Vous vous en souvenez peut-être, l’hiver dernier (un an tout juste) sortait cet album d’une jeune chanteuse espagnole : Rosalía.

Rosalía, auteure-compositrice-interprète le 12 décembre 2019 à Hollywood.
Rosalía, auteure-compositrice-interprète le 12 décembre 2019 à Hollywood. © AFP / Xavier Collin / Agence de presse image / NurPhoto

« Malamente » tiré de l’album « El mal querer » ou l’amour mauvais, selon Rosalía, c’est tout autour de cette idée des tourments de la passion que se concentrait le deuxième album de la jeune Rosalía, 25 ans alors.

Tout nous a impressionné chez Rosalía depuis, à commencer cet album très narratif, savamment construit, où son talent évident de chanteuse de flamenco s’appuie sur une production (disons électronique R’nb) la plus contemporaine qui soit. 

Cela fait des années qu’on avait pas vu de chanteuse ou de musicien Espagnol dépasser les frontières, mais Rosalía elle y est arrivé, à tout point de vue, y compris celui de la danse : elle ne vient pas du tout du giron de la culture Flamenco (de l’Andalousie, de Séville) : elle est blanche et catalane Rosalía (elle a grandi dans la région de Barcelone, à Sant Esteve Sesrovires) et visiblement elle a plutôt écouté cette musique dans des voitures, à fort volume, avec du rap et de la techno, et c’est peut-être ce qu’il l’a autorisée à transgresser les codes du genre… 

Glissant par endroit des références précises comme une reprise des sœurs gitanes Las Grecas (« Te Estoy amando locamente » grand tube de 1974).
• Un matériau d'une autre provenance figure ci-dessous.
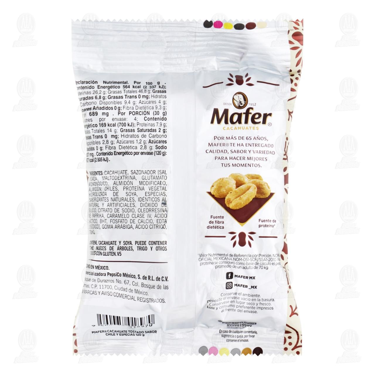 Cacahuate Tostado Mafer Sabor Chile y especias. Bolsa con 120 gramos.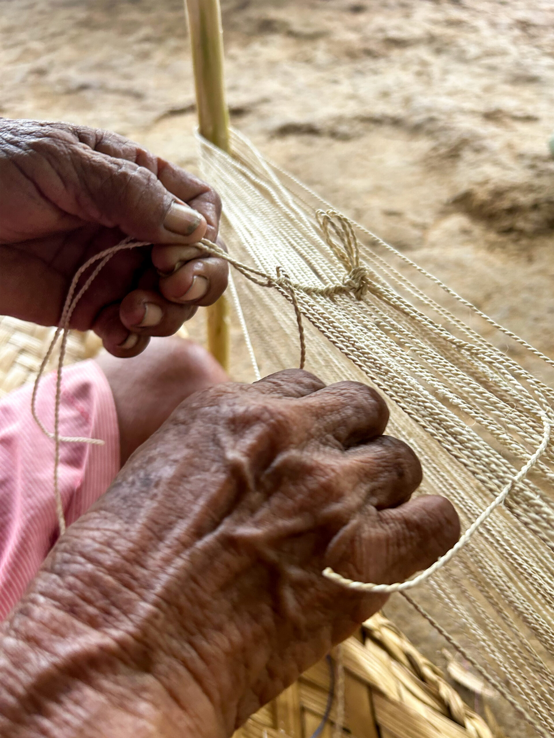 El chinchorro es un cuerpo vivo que se amolda a otro cuerpo, una segunda piel que protege y resguarda. Aquí, uno de los 2 chinchorros que realizamos con el tejido ‘de ochos’.

Ce qui lui vaut parfois dans le monde hispanophone l’accusation d’appropriation culturelle. 

Mais depuis la sortie de cet album, en 2019 Rosalía a ouvert encore d’autres territoires : on l’a vue sur scène en France pour la première fois en juin dernier au festival We Love Green, et je me souviens que même Michka Assayas qui présentait la soirée (et qui en a vu d’autres) avait été assez impressionné. Elle avait joué notamment ce duo, tout récent alors, avec James Blake.
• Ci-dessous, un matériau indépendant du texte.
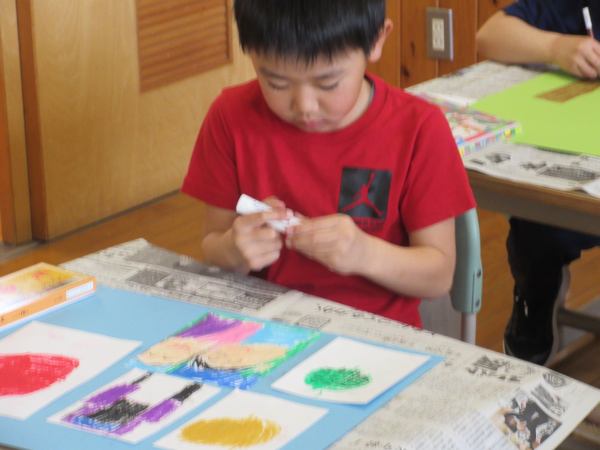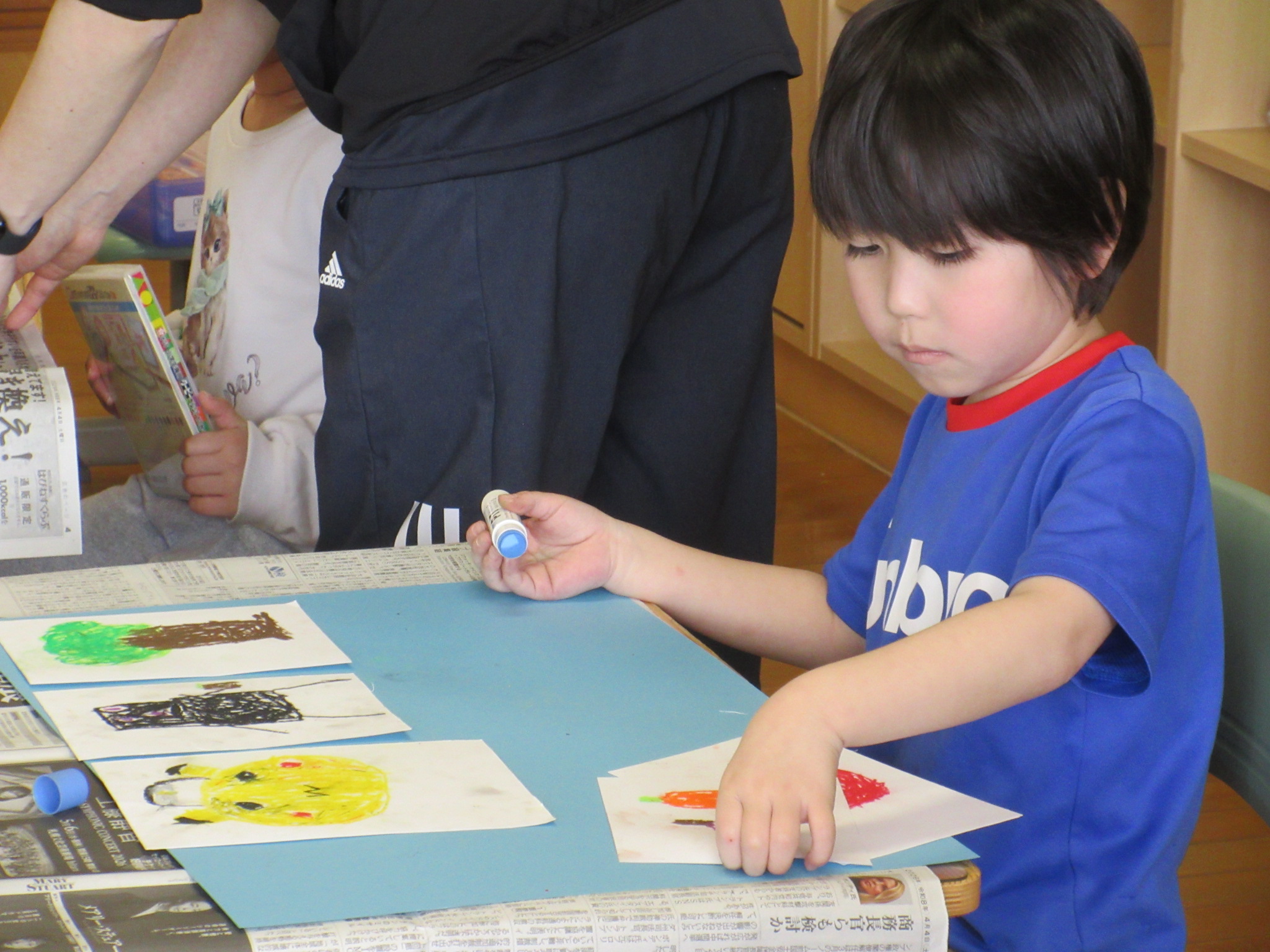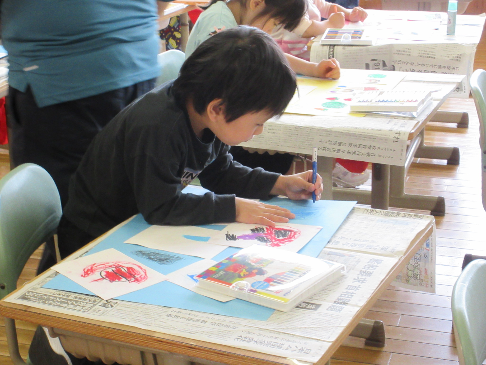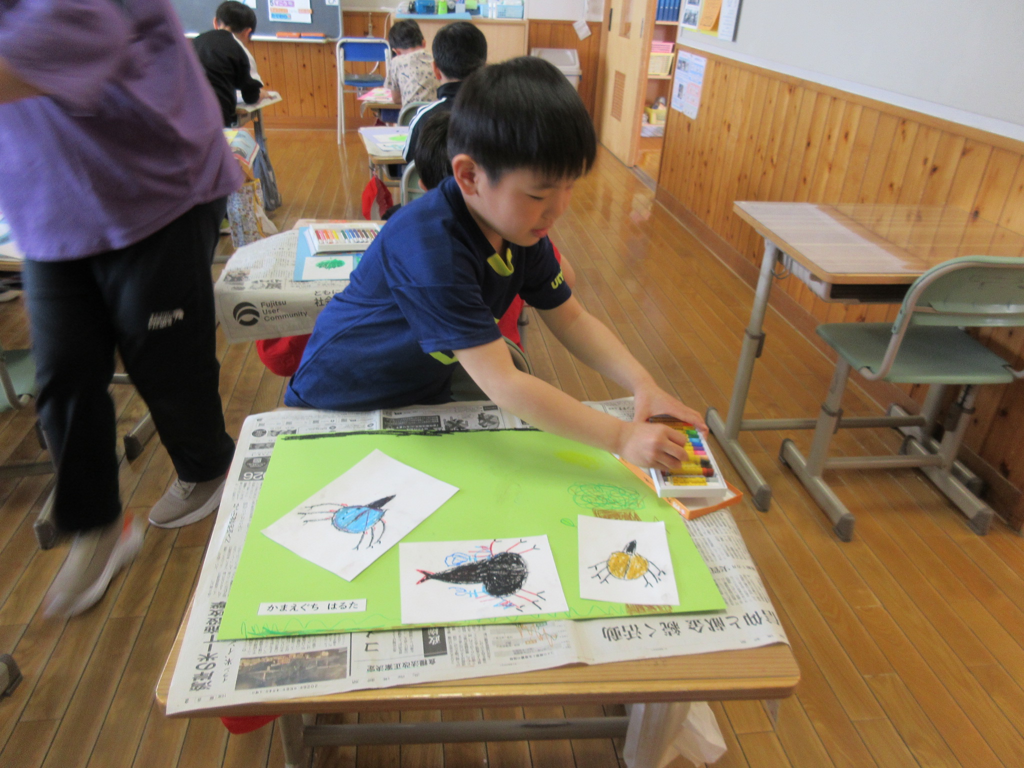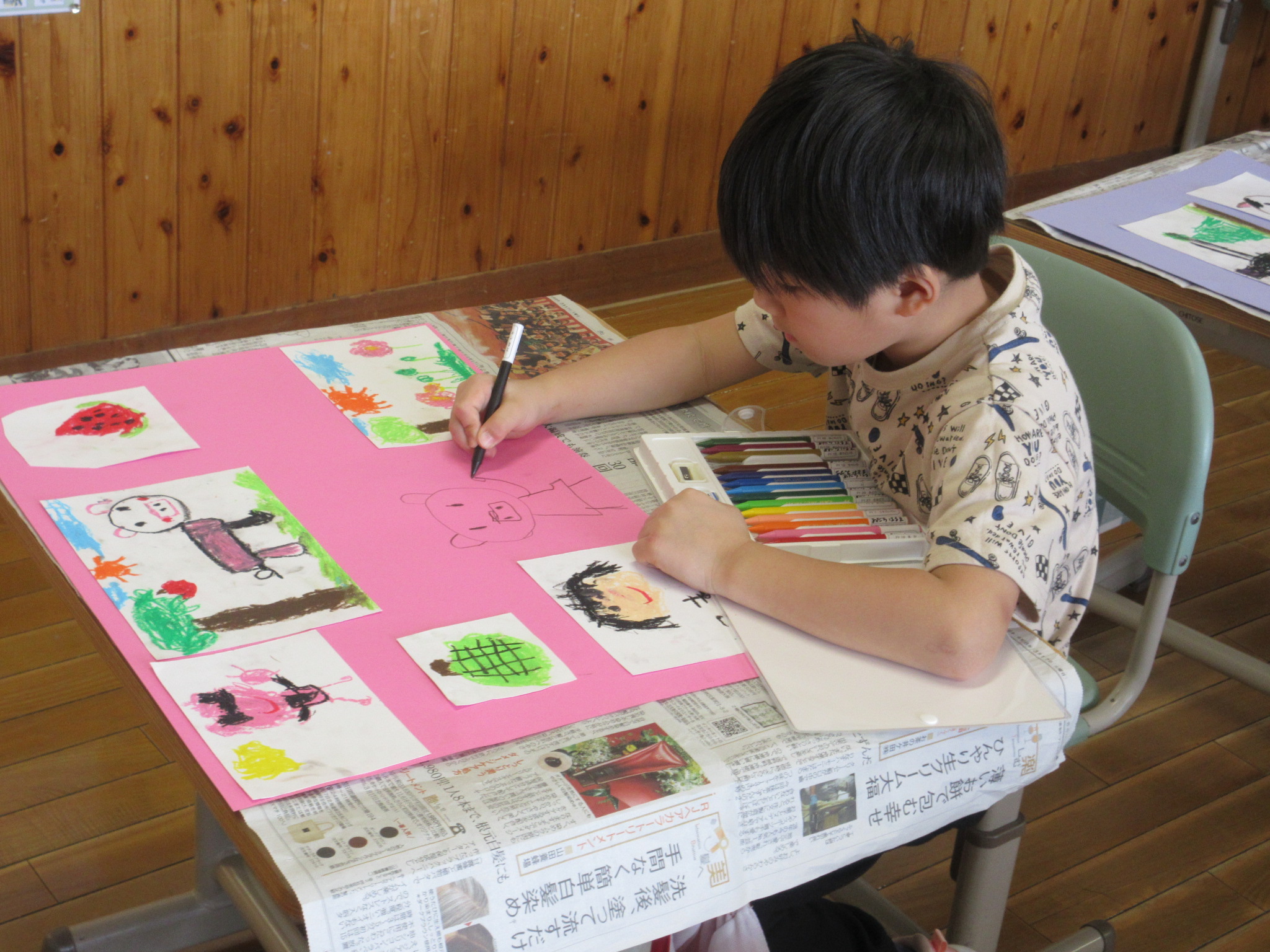 それを、色画用紙に貼って、開いたところにも絵をかいてがんばっていました。

Rosalía et James Blake un des duos de l’année 2019… 

Et depuis ce très beau titre dans l’album de James Blake, Rosalía a multiplié les collaborations en s’aventurant plus loin encore vers un autre territoire, celui du reggaeton (un des genres majeurs de la musique de club en Amérique du Sud). 

Elle a travaillé deux fois avec le Colombien J-Balvin notamment, et connu un très gros succès dans le monde latino avec « Con Altura » (avec hauteur, avec style). (un des clips les plus vus dans le monde cette année sur You Tube) 

Rosalía continue à travailler avec « El Guincho » (Pablo Díaz-Reixa) le producteur espagnol avec qui elle a bâti son succès, mais elle insiste dans cette conquête de l’hémisphère hispanophone en allant à la rencontre d’une autre star du reggaeton, le portoricain Ozuna avec qui elle chante « Yo por  Ti - Tu por Mi ». 

Pour avoir vue Rosalía lors de son dernier passage à Paris : tout le monde était pour elle, et inversement.

A suivre le 26 janvier prochain aux Grammy Awards : Rosalía est nommée dans la catégorie meilleur album ‘urbain / alternatif’ et surtout meilleur nouvelle artiste (première fois pour un artiste hispanophone).